Pre-July US Wheat/S&D Updates

Market Analysis

After last week’s US acreage report showed higher plantings than expected for many crops, the trade’s focus has switched to the ending stocks for these crops and the impact of Friday’s US and Chinese tariff announcements on the US soybean trade going forward. With the US corn crop’s pollination period occurring over the next 3 weeks, the trade will also be watching the central US forecast. Mid 90s or higher daytime temperatures can damage corn’s pollen while high overnight minimum temperatures (mid 70s and above) can reduce yields because of excessive nighttime respiration reducing the energy flow to the ear’s development.

Last week’s larger-than-expected spring wheat seedings and recent harvest reports of better-than-expected winter wheat yield results had us expecting a 35 million bu. rise in spring output and 12 million bu. increase in the winter crop to 1.864 billion bu. Last month’s 20 million bu. higher wheat ending stocks also adds to US supplies, but recent cuts in the Russian, Ukrainian, and EU crops because of dryness could boost US exports. This should keep the US carryover at 973 million bu. vs 946 million in June. The USDA will also be projecting 2018’s small grain (oats and barley) output while no official corn and soybean survey work occurs until August.

With no strong history of the USDA changing its corn or soybean US yields until August, June’s 1.1 million higher plantings will still raise corn’s crop size by 188 million to 14.228 billion.bu.

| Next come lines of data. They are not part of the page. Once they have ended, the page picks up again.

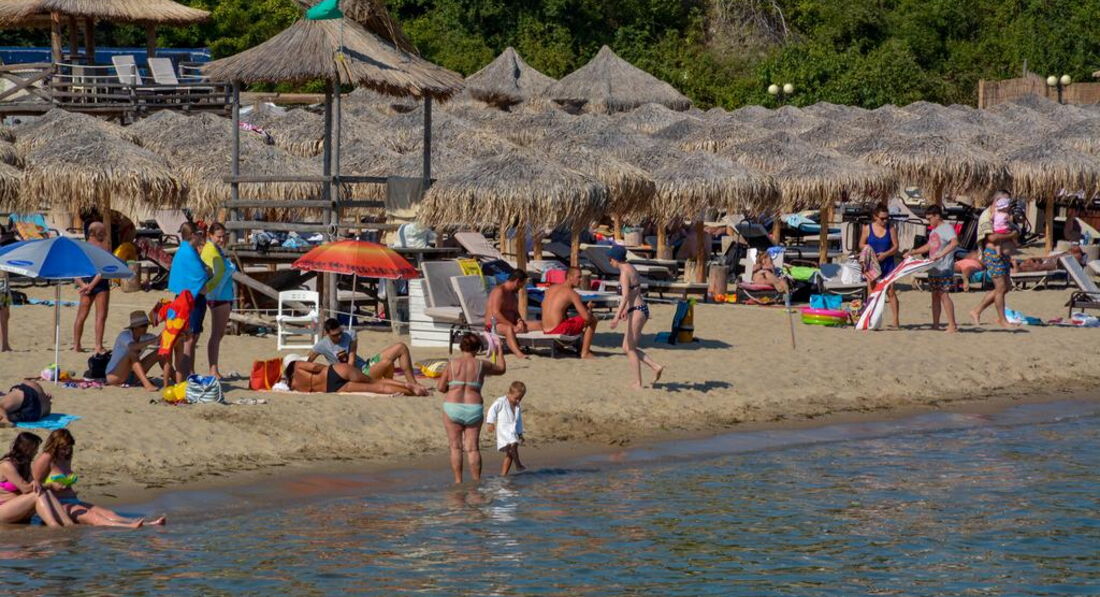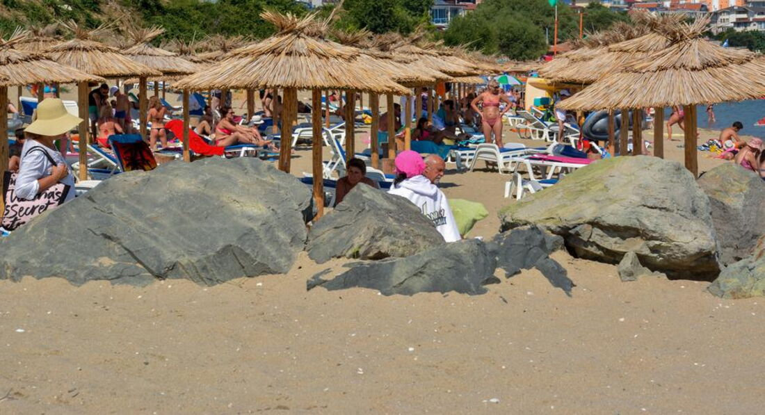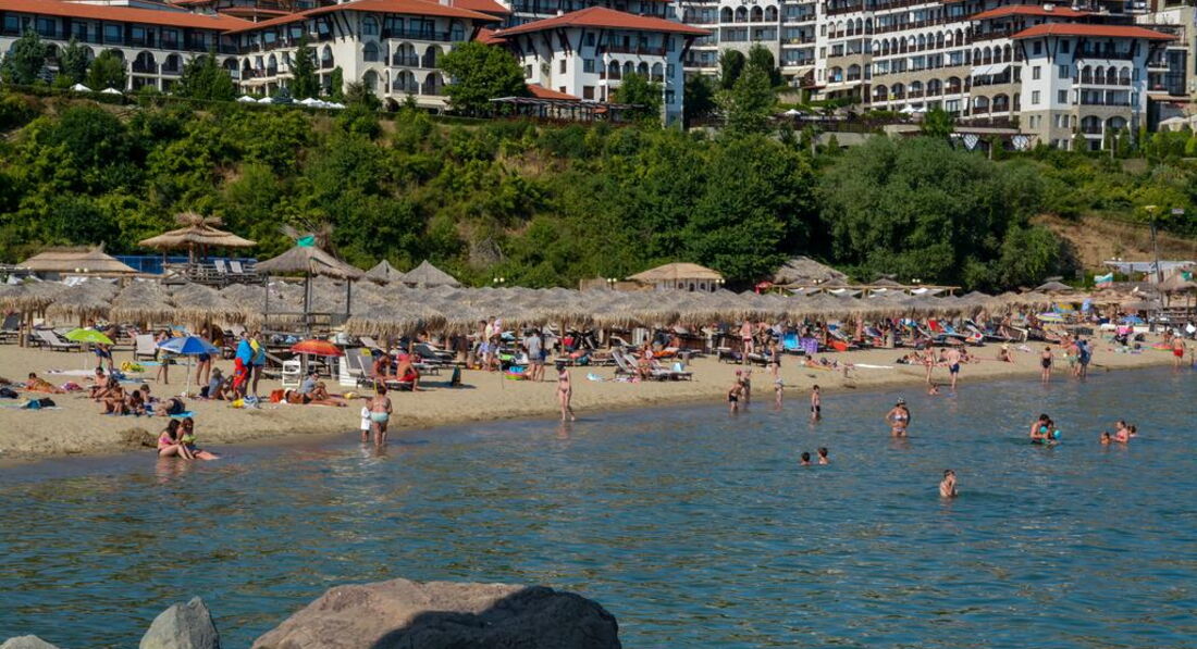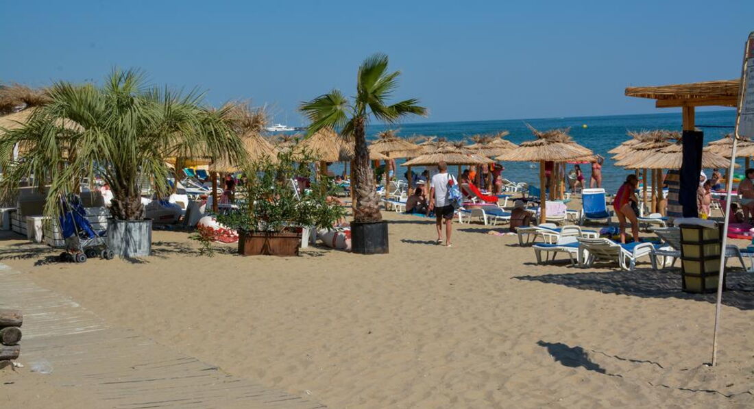 До пляжа идти минут 5-7. Пляж песчаный, при входе где-то немножко мелких камушков, где-то песок. Море очень теплое и по утрам чистое. Волны были все время нашего отдыха, но мы отлично покупались, ребенок был счастлив. Лежаки и зонты платные, около 8 лев, по-моему. При входе на пляж маленький ларек со всем необходимым для пляжа, и зонты, и полотенца, и мячи, и формочки. В общем все можно купить там для детей,а не везти с собой. Кукуруза на пляже стоит 2,5 лев, стакан с клубникой, малиной или черешней 5 лев. На пляже так же в основном русские и болгары.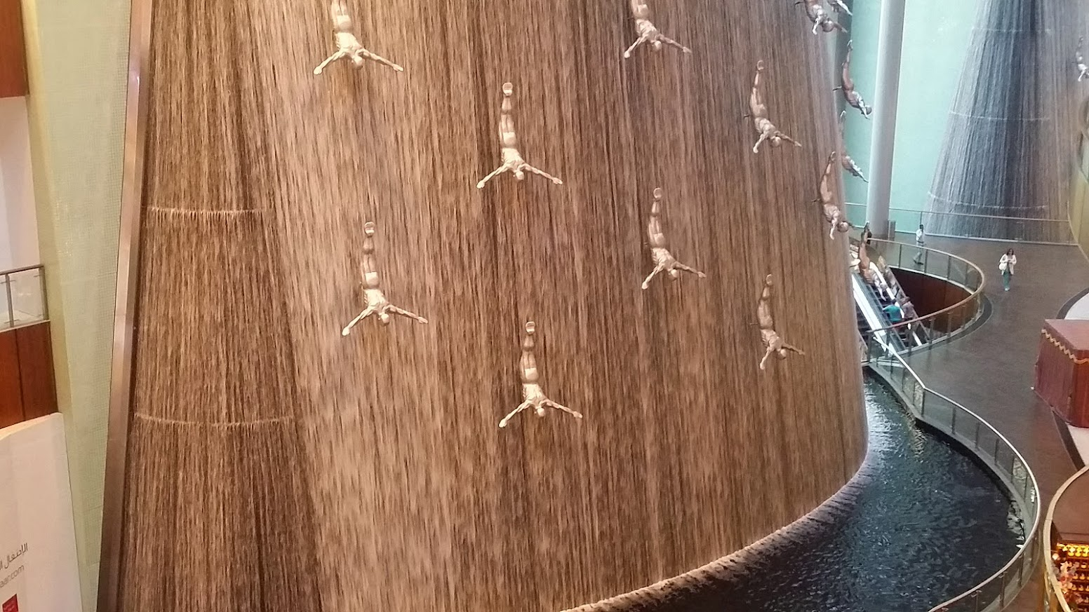쇼핑과 아쿠아리움 관람을 마치고, 쇼핑몰 곳곳에 숨겨진 예술 작품들을 감상하는 재미도 쏠쏠했습니다. 거대한 공룡 화석과 인간 폭포(Human Waterfall)는 두바이몰이 단순한 상업 공간을 넘어, 문화와 예술이 공존하는 복합 공간임을 보여주었습니다.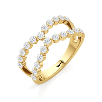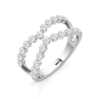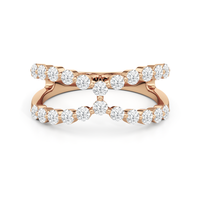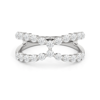 Two inverted chevrons studded with diamonds meet at the center to form an angular yet graceful silhouette with a subtle open space in the middle. This negative space gives the ring a subtle, architectural appeal and creates a broader and more distinct presence on the finger.

With Brazil, the Black Sea and Europe all experiencing shortfalls, a higher export level by 150 million bu. seems likely resulting in just a 38 million rise in corn’s US stocks to 1.615 billion this month. The impact of the Tariff War will center on soybeans exports - a likely 35 million old-crop cut and 50 million new-crop reduction. Crush increases will counter these declines, but a 30 million larger crop will push stocks to 465 million bu.

What’s Ahead:

A post-tariff announcement relief rally has begun. However, a report of trade negotiations beginning and hot and dry weather returning to the central US are needed to sustain today’s soybean and corn price recoveries. Thursday’s bean demand levels will be curtailed. Utilize August $8.85-8.98 values to sell final 10% of old-crop beans and move up old-crop corn sales to 60-70% on $3.67-$3.77 Sept strength. 

Disclaimer: The information contained in this report reflects the opinion of the author and should not be interpreted in any way to represent the thoughts of The PRICE Futures Group, any of its ...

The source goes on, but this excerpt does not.